Leave every image out, and print the remaining lines below exactly.

---------- Available data

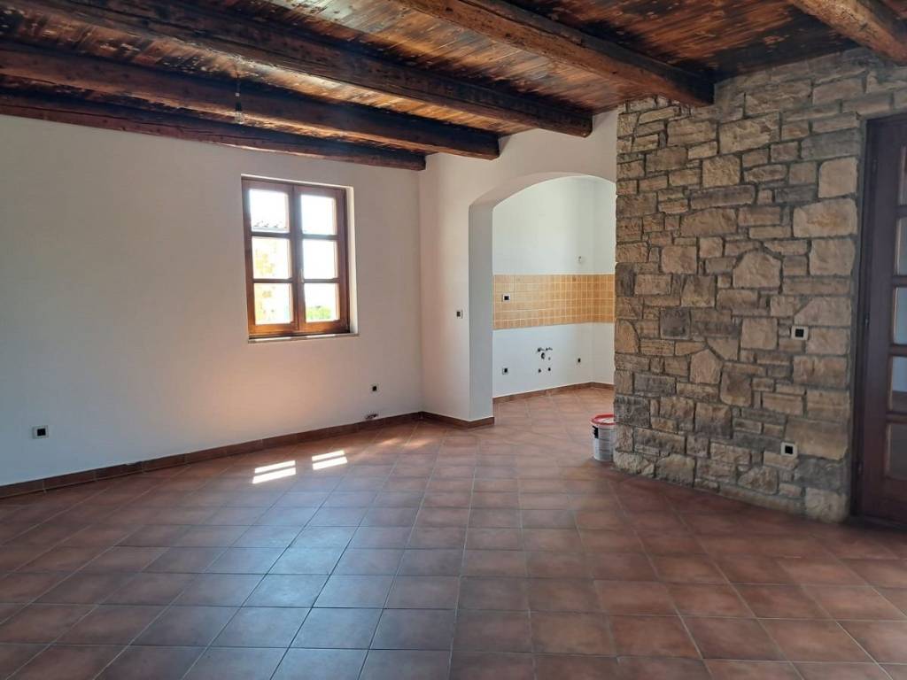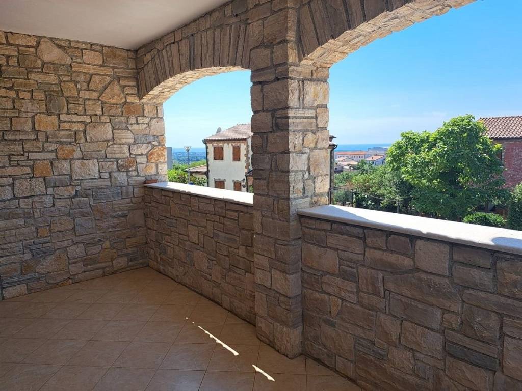 A stone house on three floors with a sea view is for sale.In the semi-basement there is a spacious area for a tavern, studio apartment or fitness.The ground floor consists of an entrance hall, bathroom, living room, kitchen with dining room and living room with access to a huge covered terrace with a view of the sea.On the first floor there are 3 bedrooms, a bathroom and a terrace.It is possible to build a swimming pool in the yard of the house
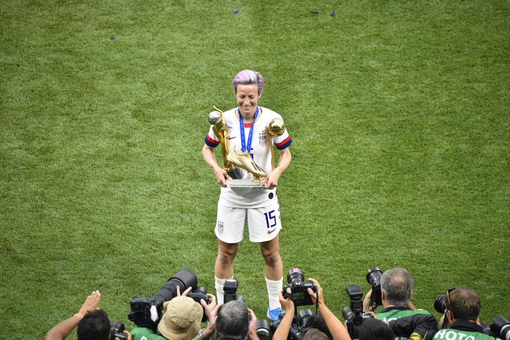 2019年7月7日,2019女足世界杯决赛后,获得金靴奖、金球奖的美国队球员拉皮诺在颁奖仪式后展示奖杯。新华社记者陈益宸摄
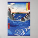 Vild av havets sönderfall på sten. Berömd Views of the 60 Provinces - Rough Sea at Naruto in Awa Province. Hiroshige (1797-1858), japansk målare och tryckare, särskilt känd för sina landskapsbilder. Den sista underbara figur av Ukiyo-e-skolan, eller den populära utskriften, förvandlade vardagens landskap till intima, lyriska scener som gjorde honom ännu mer framgångsrik än hans contemporary, Hokusai.

--------------------

◆ Exercise response:
 A stone house on three floors with a sea view is for sale.In the semi-basement there is a spacious area for a tavern, studio apartment or fitness.The ground floor consists of an entrance hall, bathroom, living room, kitchen with dining room and living room with access to a huge covered terrace with a view of the sea.On the first floor there are 3 bedrooms, a bathroom and a terrace.It is possible to build a swimming pool in the yard of the house
 2019年7月7日,2019女足世界杯决赛后,获得金靴奖、金球奖的美国队球员拉皮诺在颁奖仪式后展示奖杯。新华社记者陈益宸摄
 Vild av havets sönderfall på sten. Berömd Views of the 60 Provinces - Rough Sea at Naruto in Awa Province. Hiroshige (1797-1858), japansk målare och tryckare, särskilt känd för sina landskapsbilder. Den sista underbara figur av Ukiyo-e-skolan, eller den populära utskriften, förvandlade vardagens landskap till intima, lyriska scener som gjorde honom ännu mer framgångsrik än hans contemporary, Hokusai.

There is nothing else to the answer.